First, consider development teams. On a development team, engineers are largely interchangeable. They may work on different features, but they generally share the same stack: programming language, frameworks, build system. Onboarding still takes time because the stack can be complex, and business logic and codebase history do not transfer overnight. But once a developer understands the basics of the stack and the business logic, they can usually step into a teammate’s work without much friction.
Infrastructure teams are quite different. Instead of converging on a single stack, an infrastructure team manages a portfolio of products that often have nothing in common with each other. I am not claiming the work is harder than development – only that it is structurally more heterogeneous, and that heterogeneity is what makes knowledge so hard to share.
For instance, I once worked on a team that had to support both Linux and mainframe operating systems – two completely different worlds, demanding completely different engineer profiles. A Linux specialist and a mainframe operator could sit next to each other every day and never be able to cover for one another. I saw the same pattern leading an SAP infrastructure team. The stack spanned database administrators, NetWeaver experts, BASIS specialists, integration engineers (PI/PO), and identity management administrators – five specialties under one team, with almost no overlap between them. IDM in particular runs on a weird workflow engine – even a senior SAP BASIS engineer needs weeks of ramp-up before they can touch it.
So how to fight that? There is no silver bullet, but three practices have made a difference on my teams: encouraging documentation, rotating engineers through incident handling, and automating whatever can be automated. None of them eliminates the heterogeneity – they just keep knowledge flowing in the room.
First, pick one documentation tool and stick with it. A Git repository is often enough, but a SharePoint site, Confluence, or any other wiki works too. When you migrate content from old tools, take the opportunity to update what is outdated along the way. If a document is not worth updating right now, link to it from the new tool and mark it for future review. The engineer must document – it does not need to be perfect, but they need to take responsibility for writing.
Within documentation, separate playbooks (high-level tutorials) from runbooks (very detailed scripts) and technical reports. Within each type, categorize by technology or subject, so engineers can quickly find what they need. The playbook explains what to do. The runbook explains how to do it. Generally, a runbook can be reused in multiple playbooks. Finally, use technical reports to gather context or to write more complex settings that engineers need to understand the infrastructure.

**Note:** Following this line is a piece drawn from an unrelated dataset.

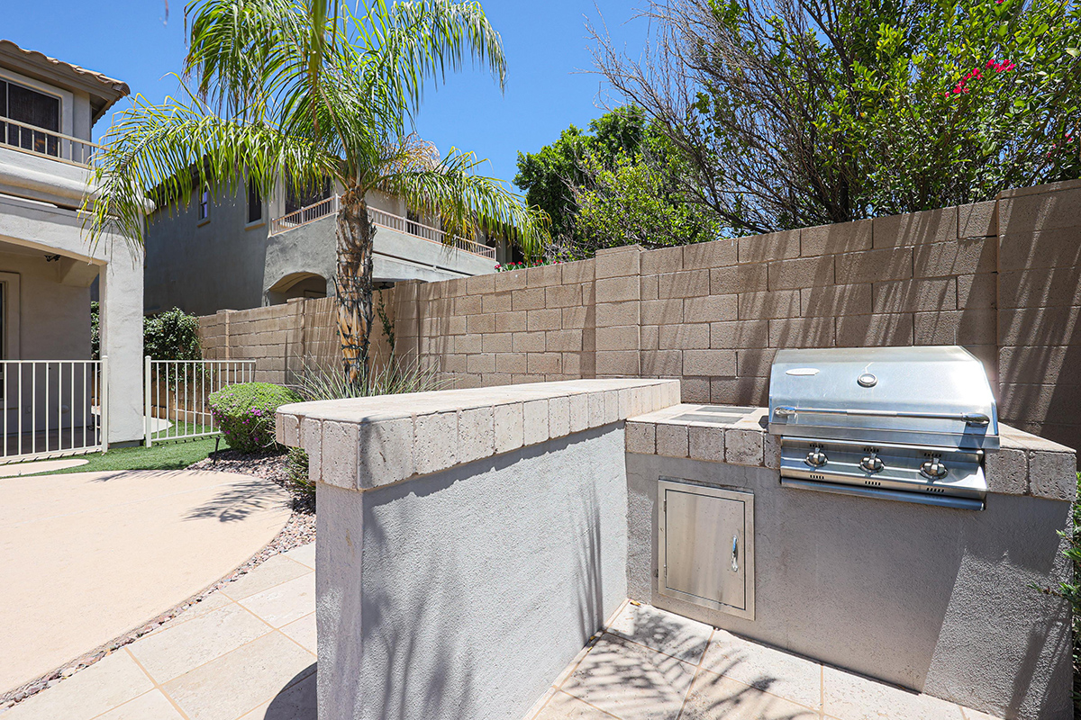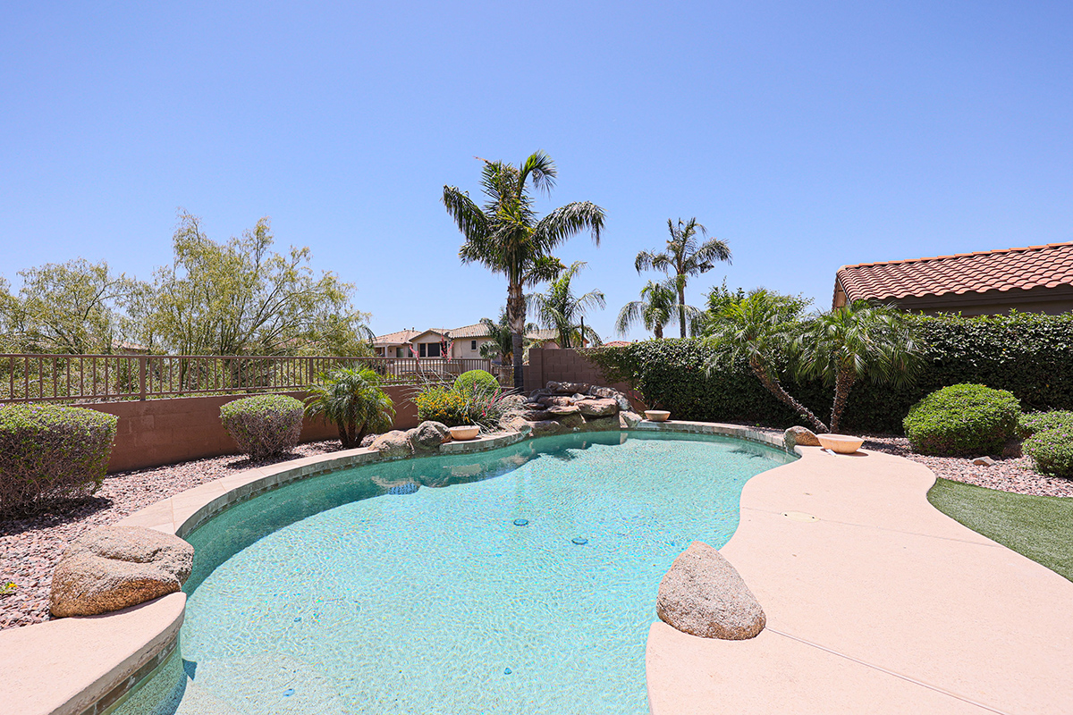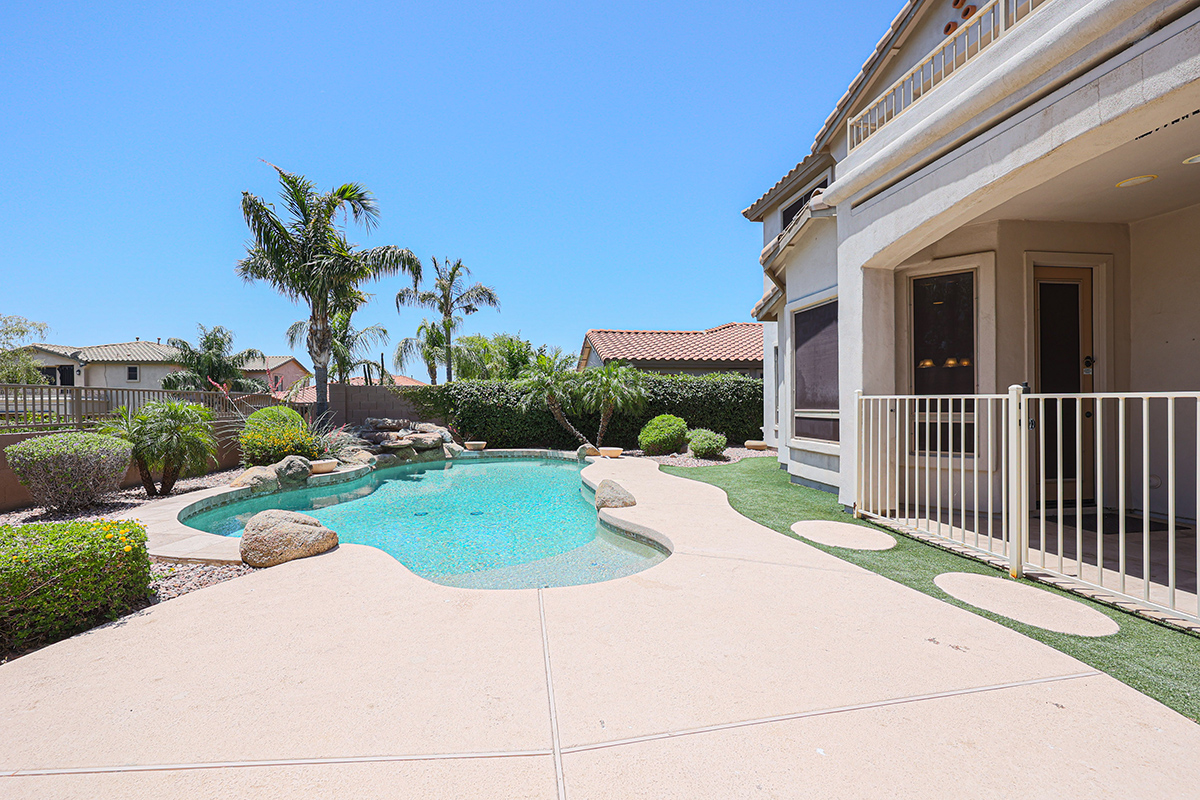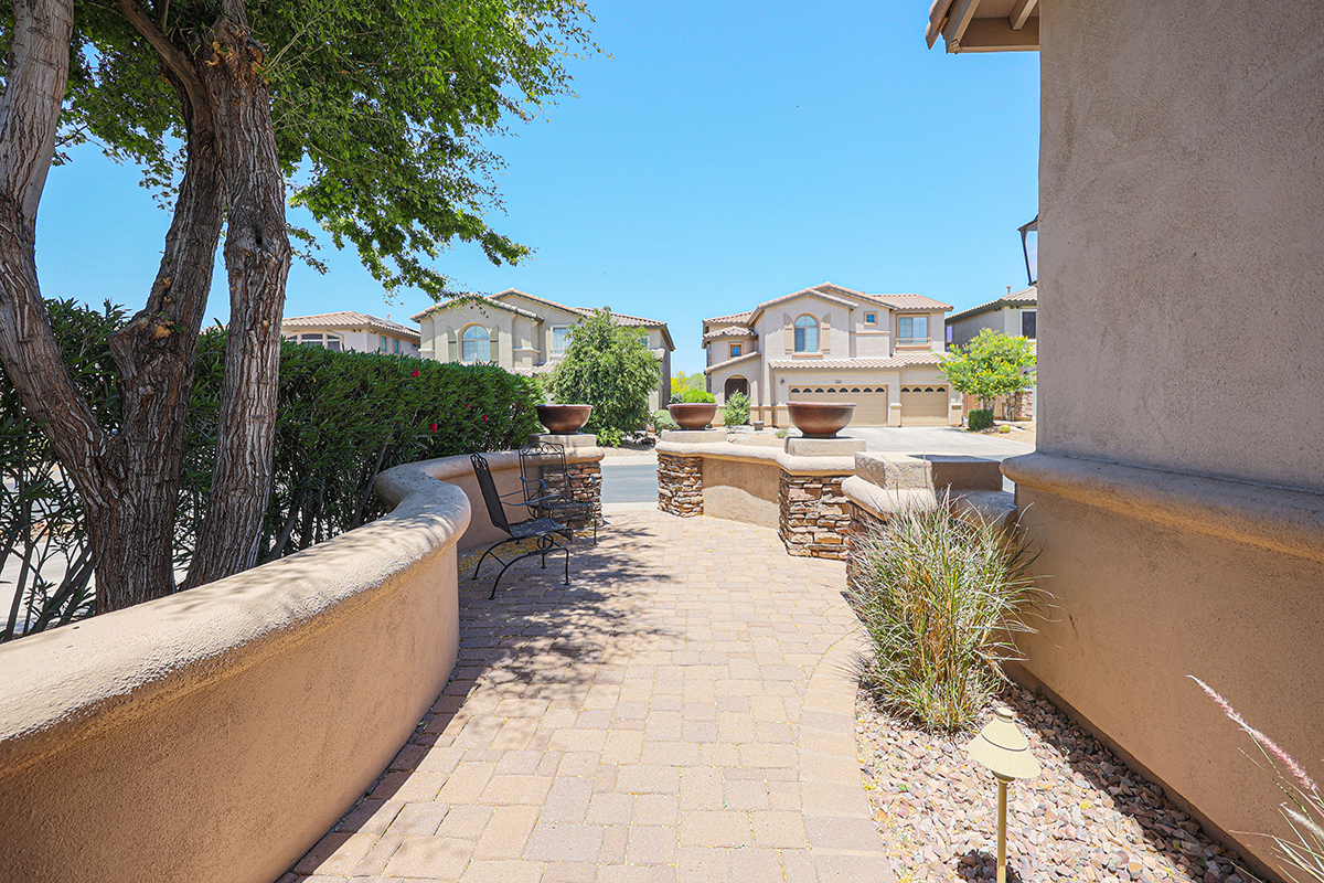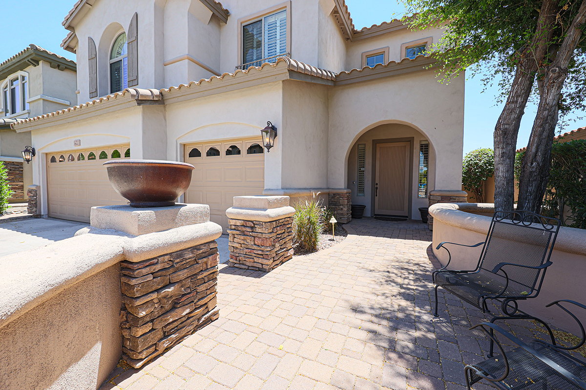 The backyard features a pool with water feature, artificial turf, built-in barbecue with countertop seating, and backs to the open area space for a private feel. Rent includes the pool and landscaping services for easy maintenance. The classic finishes throughout have a timeless feel. Tile floors, water softener, master bedroom private balcony, plenty of storage and a three car garage.

Next, rotate engineers through incident handling. Incident handling is a natural opportunity for engineers to run simple tasks, test their access, and become familiar with the playbooks and runbooks of another specialty. A BASIS specialist, for instance, can learn to free disk space on a Linux server – or know which team to escalate to – without changing their day-to-day role. Incidents also force engineers to talk across specialties to resolve the problem – and because incidents are shorter and more contained than projects, that communication often happens and stays focused.
Finally, automate! Prefer tools like Ansible that describe each task declaratively, so the playbook itself becomes runnable documentation. Moreover, engineers can extend and reuse those automations, which spreads both the work and the knowledge across the team. Once a procedure lives in code, it stops walking out the door with the engineer who knew it.
Together, these practices make the team less fragile. Documentation captures what people know; rotation gives them chances to learn from each other; automation lets the system remember, so engineers do not have to.